# Supplied material
════════════════

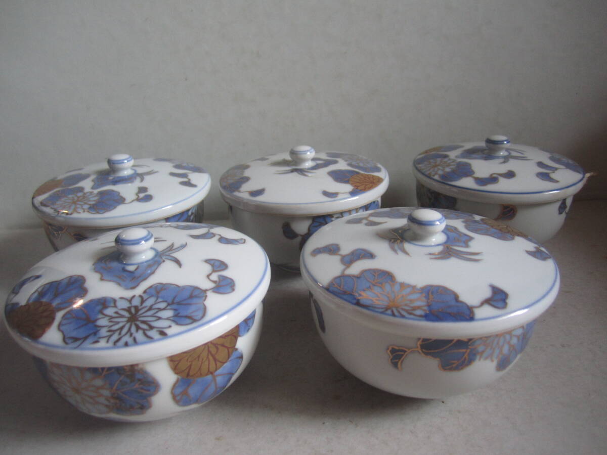 - 有田焼 蓋つき湯飲み 菊柄 5客 未使用
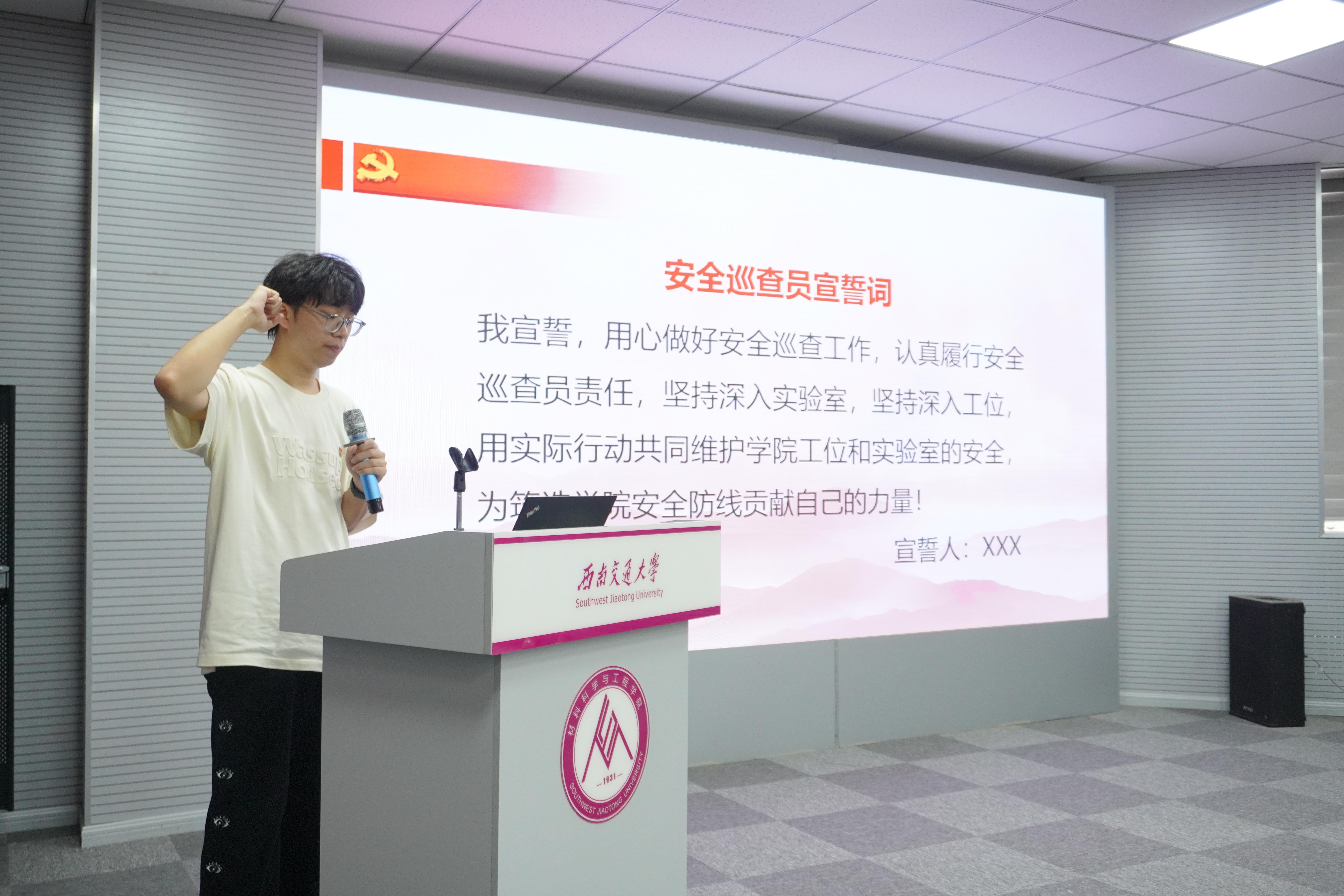 随后,全体安全巡查员宣誓。在宣誓环节,与会同学们满怀热情,由学生代表张旭龙领誓,学生巡查队成员全体宣誓:保证必将用心做好安全巡查工作,认真履行安全巡查员责任,坚持深入实验室,坚持深入工位,用实际行动共同维护学院工位和实验室的安全,为筑牢学院安全防线贡献自己的力量。宣誓完毕后,院领导为安全巡查员代表发放工作服,对同学们的积极参与表示高度赞扬并给予深切嘱托。
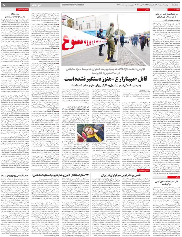 قاتل «مبينا زارع» هنوز دستگير نشده است
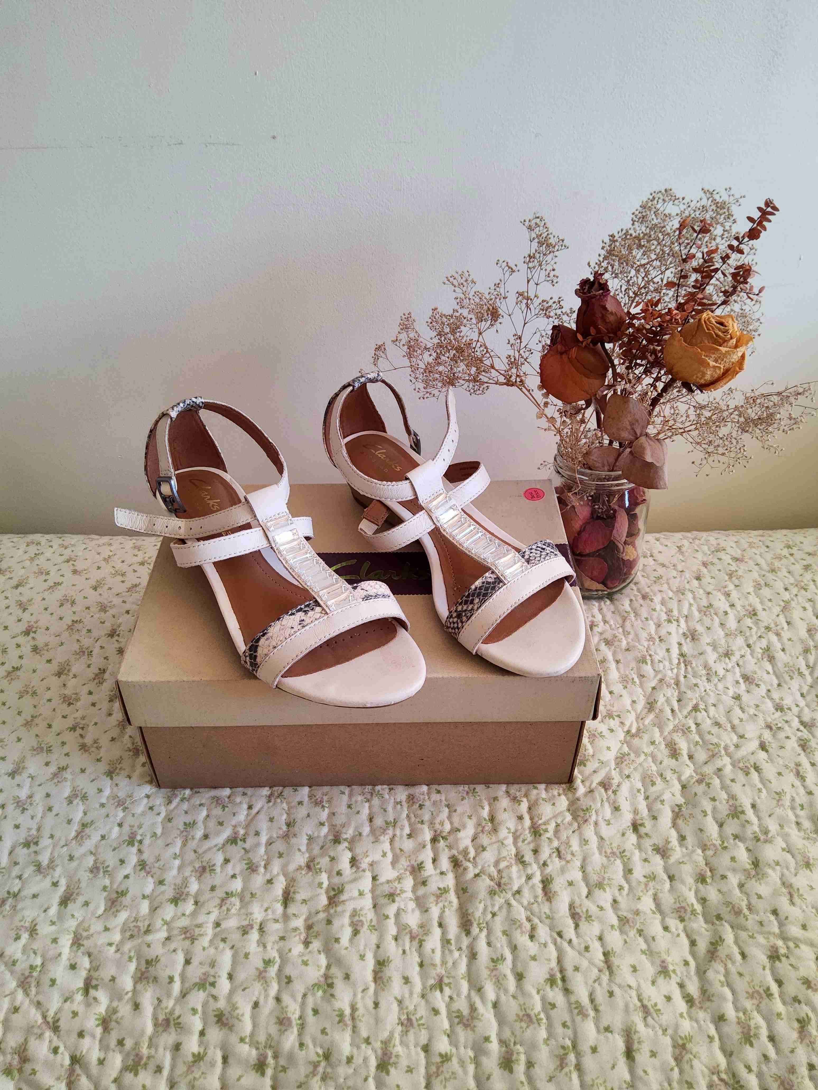 Elegantes sandalias blancas con detalles estampados, perfectas para el verano. En buen estado, ideales para ocasiones casuales o semi-formales.

════════════════

After locating the line that contains "دستگير نشده است", output it and all later lines through the end of the material exactly, leaving out pictures.

# Result
 قاتل «مبينا زارع» هنوز دستگير نشده است
 Elegantes sandalias blancas con detalles estampados, perfectas para el verano. En buen estado, ideales para ocasiones casuales o semi-formales.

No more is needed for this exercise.